If you do manage to keep one of those fingers straight, to carry a little heap of earnings from one month to the other, the muffler will fall right off your car, or a branch will fall on it, or through your roof, or the door handle will come off in your hand, and that will be the end of the little heap.
“You thought he was a good man,” I told the director, cutting off her description of him. She shrugged defeatedly. “I did. I even . . . cooked for him.” She said it haltingly – either the memory came slowly or it pained her to remember. “I told you he was a heartless bastard,” I said gently, because however hard it is to be Cassandra, it is so much harder to tell a person you care for “I said so.”
At least it is hard for me. I’m not saying I’m terribly noble, and I’m not saying that I can’t be roused to anger – my blood is red, my pulse strong. But I don’t like the unsavoury victories, the ones that involve bad character showing itself and lies coming undone and grown men sobbing in front of their sons. I’d rather not be there for all of that, rather be on the road again, driving through the heat and mosquitoes sticking to my arm.

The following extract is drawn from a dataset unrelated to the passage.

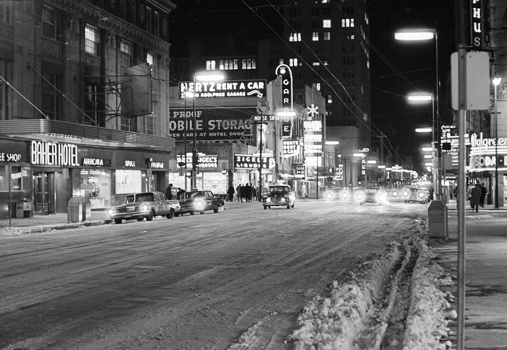 […] “canyon” is anchored at the south end by the Baker Hotel (behind the photographer), the Walgreens in the Adolphus Hotel building, and the Continental Air Lines ticket office in the Magnolia […]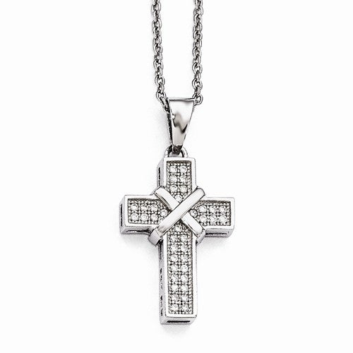 Sterling Silver & CZ Polished Cross Pendant Necklace

I’m alone in bed watching a black and white video of the Bee Gee’s, back when they were all bad teeth and hopeful hair. ‘Massachusetts.’ I don’t know if it’s comforting or just de-scabbing the wounds.
Everyone knows what an out of control life feels like. I don’t need to add my description to the pile. If I could live like a bird in a country field – without money – I could, really. But there is a long list of the bills that need paying, the proverbial mouths to feed – I know, it just isn’t interesting. Or sexy.
Tonight I drove as far as I could, to find the most remote field possible. There was a flock of little black birds swooping down at once and then scattering. I stopped my car by the side of the road and leaned my head on the steering wheel. If my life were a movie, I thought, it would end now.It would be one of those depressing movies that you leave the theater after watching feeling slightly wrong, like you’re equilibrium’s off, like –
Like a mediation on the futility of life, which you already knew, which you didn’t have to go to a theater to see some girl with windswept blonde hair walk down railroad tracks until she’s off camera, and your heart leaps, hoping the screen doesn’t go black, hoping that there’s a second act, but of course there isn’t. The lights come up and you’re holding an empty popcorn bag and chewing on a soda straw, with a look of mild shock.
I can see him – the one the moms refer to as ‘Hot Dad’ – from this window. I can watch him from a bare window sure that he will never look up and actually notice me – he, meanwhile, moves secure in the knowledge that he is alone.
He moves differently when he believes no one is watching. His movements are sure. Apparently his clothing is dirty, he constantly sniffs it, scowls, rummages through the car like an energetic bag lady and pulls something else out. I don’t know what good this does anyone since the clothing all lives in a giant ball, but it placates him.
I wouldn’t mind at all if he did notice. I’d wave.